Yahoo Expands Its M45 Cloud Computing Initiative

Nov 18, 2010

Yahoo Expands Its M45 Cloud Computing Initiative, Adding Top Universities to Supercomputing Research Cluster

Today, as scientists at the top US universities extend their research initiatives to the new frontiers of computing, Yahoo is proud to announce the expansion of its M45 academic research initiative to include four additional marquee universities: Stanford, the University of Washington, the University of Michigan at Ann Arbor, and Purdue. These schools join Carnegie Mellon University, Cornell University, the University of California at Berkeley and the University of Massachusetts Amherst on the supercomputing cluster, which brings a unique Internet-scale computing environment to academic researchers. Originally launched in November 2007, Yahoo and its M45 program are providing universities the opportunity to conduct research otherwise impossible without the power and speed of a supercomputing resource, which consists of approximately 4,000 processors. Hadoop, the open source technology at the epicenter of big data and cloud computing, is the core data analysis technology used across Yahoo, and is used by all the universities participating in the M45 research initiative. Yahoo benefits from university contributions to the Hadoop code base as well as through insights from cutting edge research initiatives conducted on Yahoo’s M45 supercomputer. Examples of academic research conducted on the M45 include two of the world’s largest knowledge acquisition research projects – Never Ending Language Learning System (NELL) at Carnegie Mellon University and KnowItAll at the University of Washington. One of the hottest research trends at universities today is the merging of mobile computing and cloud computing. By expanding the M45 platform to support both mobile and cloud computing research, Yahoo is enabling top tier universities to tackle some of the industry’s most critical computing challenges. Additional university research projects facilitated on Yahoo’s M45 supercomputer include
  • Carnegie Mellon – performing research in large-scale graph mining (graphs with billions of nodes), text search and analysis, statistical natural language processing, analysis of media Internet traffic, statistical machine translation, learning to read the Web and file systems research.
  • Cornell – exploring the use of advanced methods from computer science to help solve environmental and broader sustainability challenges. As part of its Citizen Science research program, Cornell researchers are exploring methods to enable a smart phone application to enter bird observation data into the cloud.
  • Purdue – combining the power of mobile and cloud computing to develop a context-aware navigation system for blind and visually impaired people. Researchers also plan to investigate topics in cloud data privacy, information retrieval and the automatic off-loading of computation from mobile devices to the cloud.
  • Stanford – merging large-scale cloud computing techniques and advanced statistical machine learning methods to analyze the vast amount of text, image and network data now available, on the web and elsewhere. The goal is to achieve a new level of understanding of the semantics latent in various media, attaining systems with greater artificial intelligence.

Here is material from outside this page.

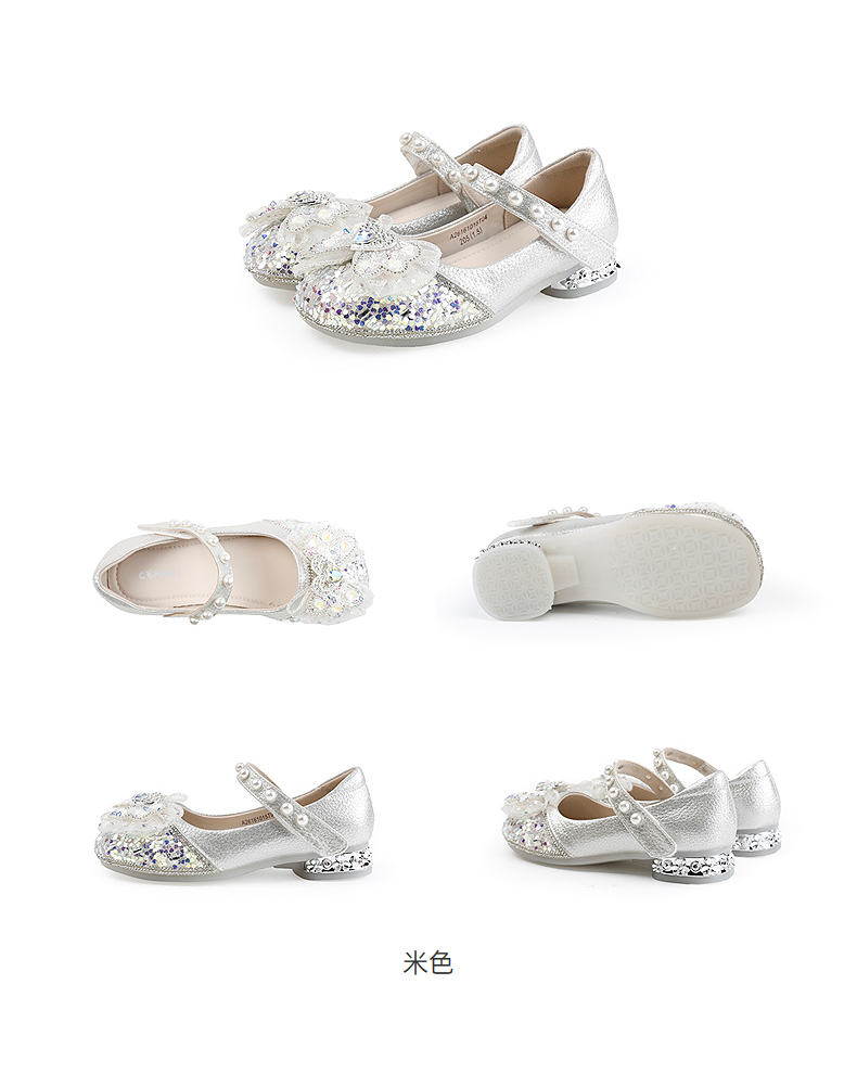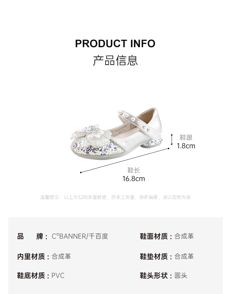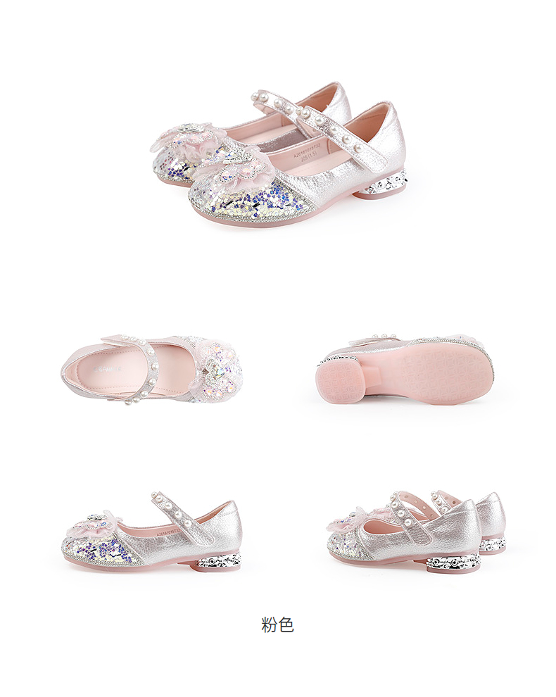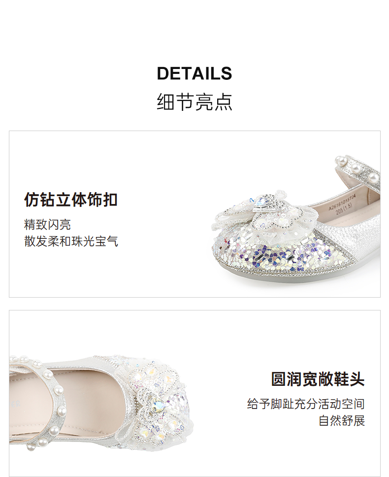 千百度2026春季童鞋仿钻立体饰扣精致闪亮公主鞋A26161015

  • University of California at Berkeley – analyzing social networks and studying population genetics, as well as testing new architectures for collecting traffic data from GPS-equipped mobile phones and estimating traffic conditions in real-time, analyzing climate-change satellite data, prototyping new scientific applications and improving cluster scheduling and reliability.
  • University of Massachusetts Amherst – investigating efficient inference of the relations among documents and passages in a large collection of books.

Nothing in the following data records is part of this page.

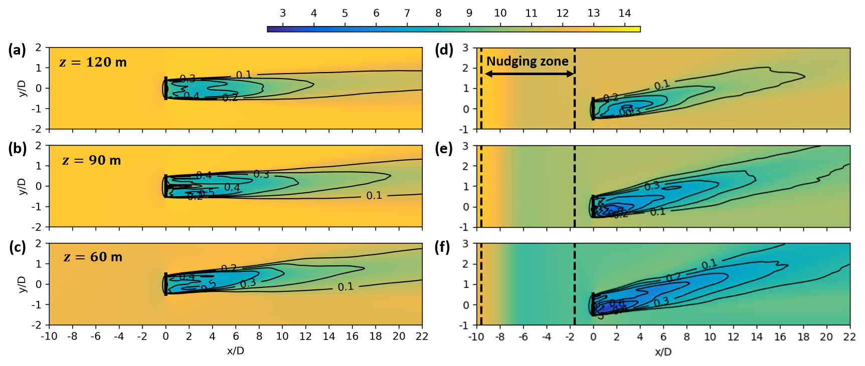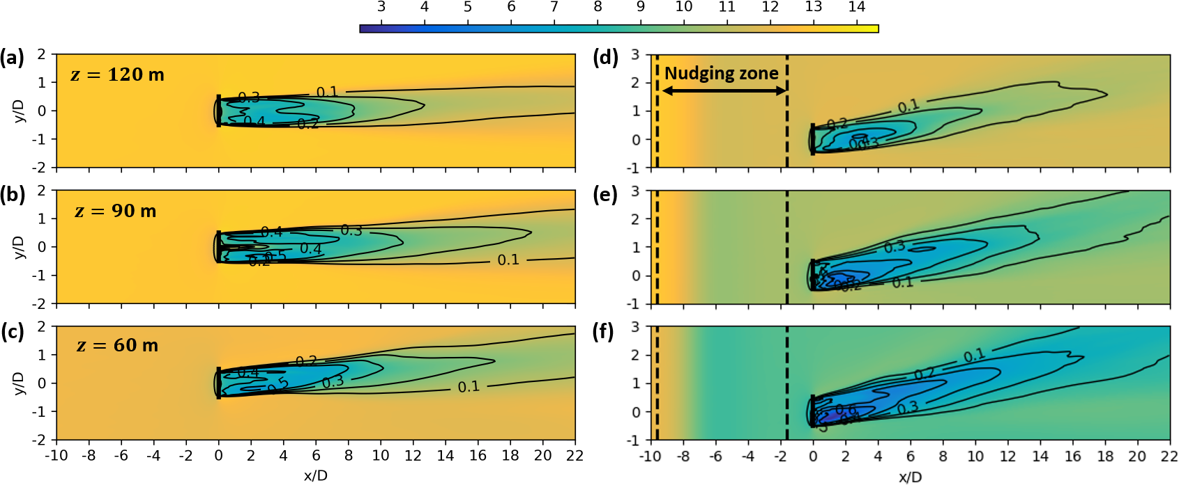 Figure 8Colored contours of the time-averaged zonal velocity component in m s−1 for SW in (a), (b), and (c) and for SOW in (d), (e), and (f) averaged over 20 min at the end of the simulation. Panels (b) and (e) show the x–y plane at hub height z=90 m. Panels (a) and (d) (c and f) correspond to the x–y planes at m ( m). The black contours represent the velocity deficit at the same vertical location calculated in relation to the upstream velocity at m. The axes are normalized by the rotor diameter D=126 m, whereby indicates the position of the rotor.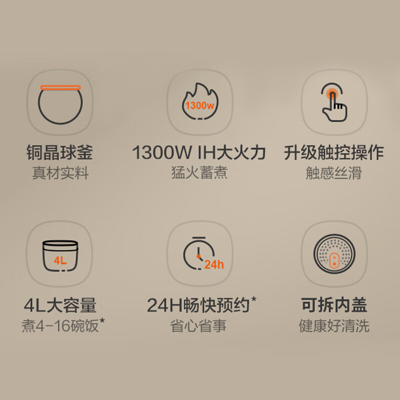 苏泊尔(SUPOR)ZMD安心系列 1300W大火力 IH加热 智能预约可拆 4L铜晶球釜彩屏电饭煲SF40HC1028价格:599.00元!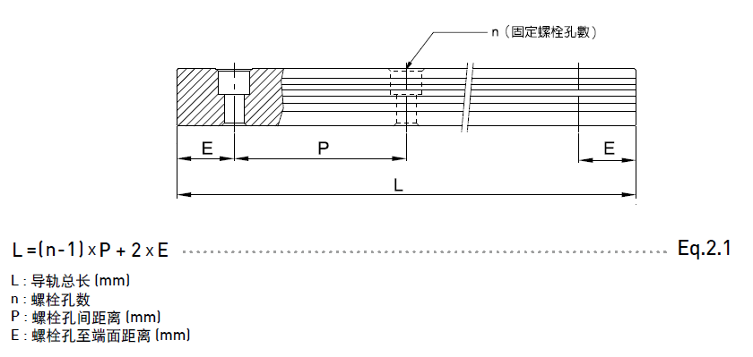 2. 標準端距最大長度是指左、右端距皆為標準端距之導軌最大長度。

  • University of Michigan at Ann Arbor – profiling and understanding MapReduce job execution, optimizing energy consumption and performance for heterogeneous MapReduce workloads, performing large-scale language model analysis and investigating how to offer a geo-distributed service that can be easily accessed through mobile phones for content distribution, computation offloading and other services.

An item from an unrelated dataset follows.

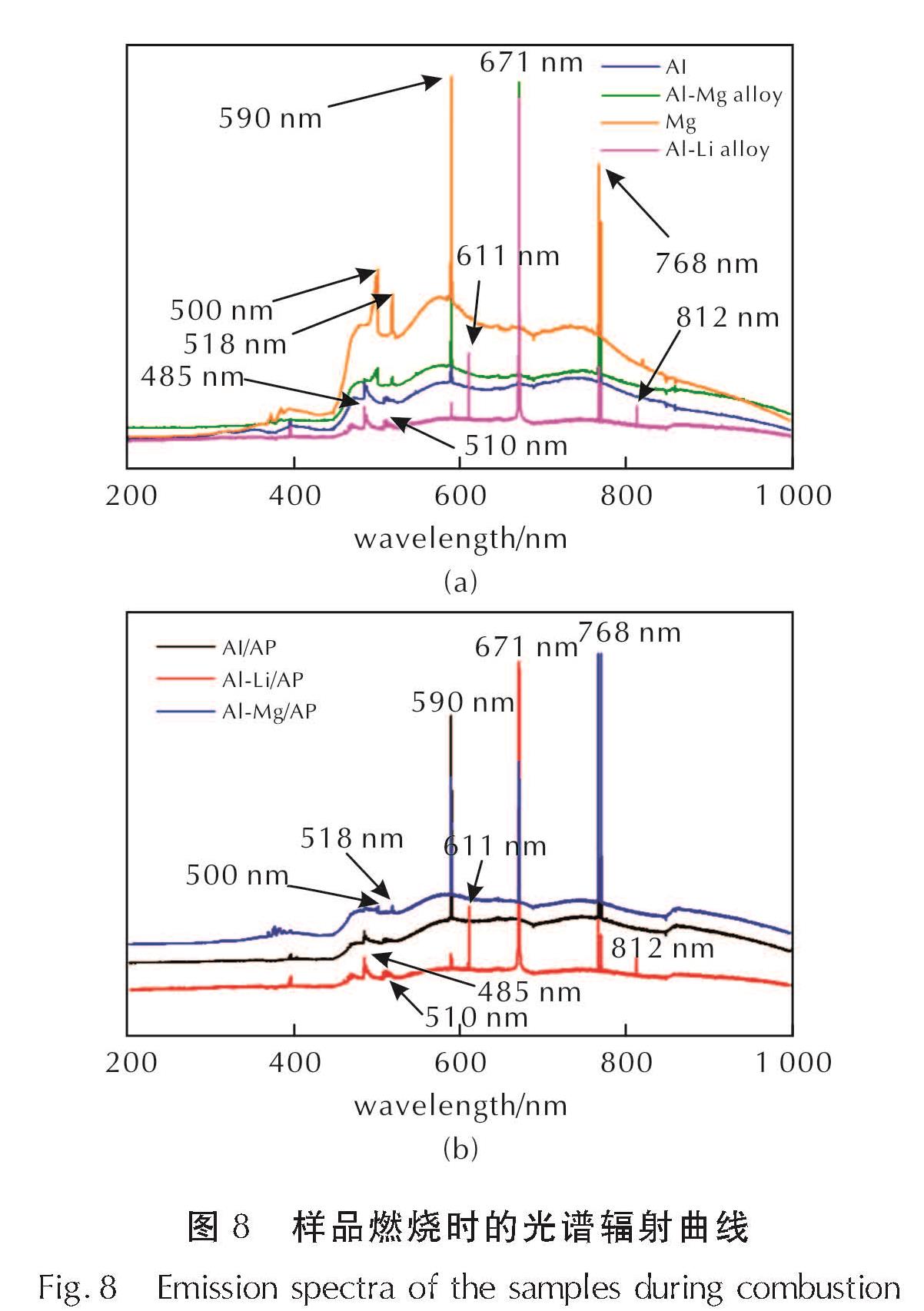 对AP/铝锂合金与AP/铝镁合金样品燃烧过程中的光谱辐射特性进行分析,并与铝单质、镁单质、铝镁合金在空气中燃烧时的光谱辐射曲线进行对比,结果如图8所示。从图8可知,铝单质、镁单质、铝镁合金在空气中燃烧时,在590、671和768nm处均存在辐射峰。不同的是,铝单质和镁单质在470~530nm之间存在不同的特征辐射峰。其中,铝单质在485nm和510nm处分别存在两个特征辐射峰,镁单质在500nm和518nm处分别存在两个特征辐射峰。对于铝镁合金而言,其同样在500nm和518nm处观察到了两个特征辐射峰,说明当铝镁合金在空气中燃烧时,其气相燃烧主要为镁的燃烧。而对于含有AP的样品,同样在590、671、768nm处观察到了3个特征辐射峰。同时,对于AP/铝锂合金样品而言,其671nm处的特征辐射峰相对强度有所增加,485nm和768nm处特征辐射峰相对强度降低。对于AP/铝锂合金,其在485nm和510nm处观察到了与铝单质燃烧时相似的特征辐射峰,表明AP/铝锂合金燃烧时存在铝的气相燃烧。对于AP/铝镁合金,其不仅在485nm和510nm处观察到了特征辐射峰,还在500nm和518nm处也观察到了特征辐射峰,说明AP/铝镁合金燃烧气相火焰中同时存在镁的气相燃烧和铝的气相燃烧。

  • University of Washington – studying scalable scientific data management and large-scale knowledge acquisition, and building a large knowledge base that can be queried both by Web and mobile phone.

Yahoo is also a founding member of the Open Cirrus Cloud Computing Testbed and the Open Cloud Consortium, both facilitating scientific research in the cloud. Combined, these programs bring the collective wisdom of many of the world’s top scientific researchers to Yahoo’s industry-leading research portfolio at Yahoo Labs.